Only 9% of study participants did not drink alcohol during the 7-day lead-in period before treatment initiation. In this subgroup, the applicant's analysis showed that treatment with depot naltrexone was associated with a very substantial reduction in the event rate of heavy drinking. Even with fewer than 20 subjects per group, statistical significance was reached in this subgroup. In contrast, only a nonsignificant reduction in heavy drinking, using the applicant's analysis, was seen in the 91% of patients who consumed alcohol in the week before treatment initiation.
The FDA's approach to the responder analysis demonstrated a similar phenomenon. For the responder analysis, patients who did not drink heavily from the end of the ‘grace period' to the end of the treatment period were operationally defined as responders. FDA allowed for a grace period in the analysis, during which patients who sampled alcohol would not be counted as treatment non-responders for two reasons: to allow for engagement in treatment, and to address the hypothesis that naltrexone works by reducing the reward experienced when alcoholics consume alcohol, thus decreasing the potential for a ‘lapse' to turn into a ‘relapse.' In the FDA's analysis, in the study population as a whole, few subjects achieved a complete absence of any heavy drinking days, and no effect of naltrexone treatment was apparent when the rates were inspected. In contrast, the success of the very small subgroup who were abstinent at baseline was impressive and a clear treatment effect was observed http://www.accessdata.fda.gov/drugsatfda_docs/nda/2006/021897_toc
Therefore, the study drug seemed to be effective only in the small subgroup who did not drink during the lead-in period. Taking into consideration the lack of any prior evidence that naltrexone has an effect on drinking in patients who are drinking at treatment initiation, the FDA determined that efficacy had been demonstrated only in the subgroup of patients who have been able to refrain from drinking for at least a brief period (several days) at the time of treatment initiation.
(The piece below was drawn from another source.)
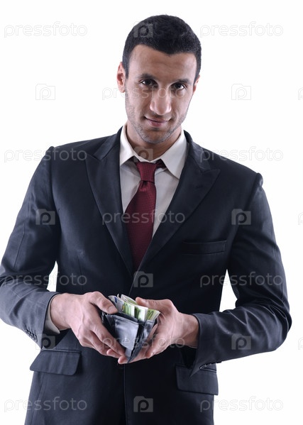 Портрет делового человека с деньгами, изолирован на белом фоне

Going forward, the FDA generally views alcoholism as a chronic disorder and alcoholism treatment drugs as maintenance treatments. The current approach of chronically administered drugs for chronic conditions, in general, is that the default observation period is 12 weeks (after any grace period, titration, and so on). However, if there is a reason that the effect cannot be observed in that time period, the studies should be longer. For example, obesity studies are 1 year in duration http://www.fda.gov/downloads/Drugs/GuidanceComplianceRegulatoryInformation/
Guidances/ucm071612.pdf. The FDA has been asking for 6-month studies for alcoholism treatment because there are data indicating that drinking patterns over 3 months may not be stable or representative of future experience (Zweben and Cisler, 2003). It is also reported that periods of abstinence are quite common among alcohol-dependent individuals: periods of abstinence lasting at least 3 months were reported by 62.3% of a heterogeneous group of alcohol-dependent individuals (many not treatment seeking) through retrospective/historical interviews (Schuckit et al, 1997).
At the first ACTIVE workgroup meeting, attendees rated the most important issues to be addressed in the development of medications for alcohol dependence. A questionnaire (available at http://www.acnp.org/programs/taskforce.aspx) containing 26 items in six domains: study population, study duration, data collected, analysis, study response-rates, and general issues were completed by participants. The top seven concerns rated on a scale of 1 (most important) to 3 (least important) are shown in Table 3.
A daily-calendar method to measure alcohol consumption (Sobell et al, 1988, 1996) has become the standard for the collection of daily drinking data, which can be analyzed over different time intervals. Missing data, which are problematic, are mostly attributable to subjects leaving the study prematurely. Although premature discontinuation may reflect relapse, this cannot be assumed; some people who have been continuously abstinent leave treatment because they think they are ‘cured,' while others who are doing well may find a job that interferes with their attendance. So, the imputation of drinking data could be biased. A determination is needed on how best to minimize missing data and what the effect various imputation methods have on medication efficacy results and effect sizes.
This is an important issue since it affects costs, patient convenience and motivation, dropout rates, stability of response, and sample size estimates for clinical trials. The goal is to identify an optimal balance of trial length, observed response, and the duration of response. However, it is also important to establish that behavior observed in a brief clinical trial is predictive of longer-term response, if the medication is continued. The goal would be to utilize current clinical trial data sets and other sources of longitudinal data to address these concerns.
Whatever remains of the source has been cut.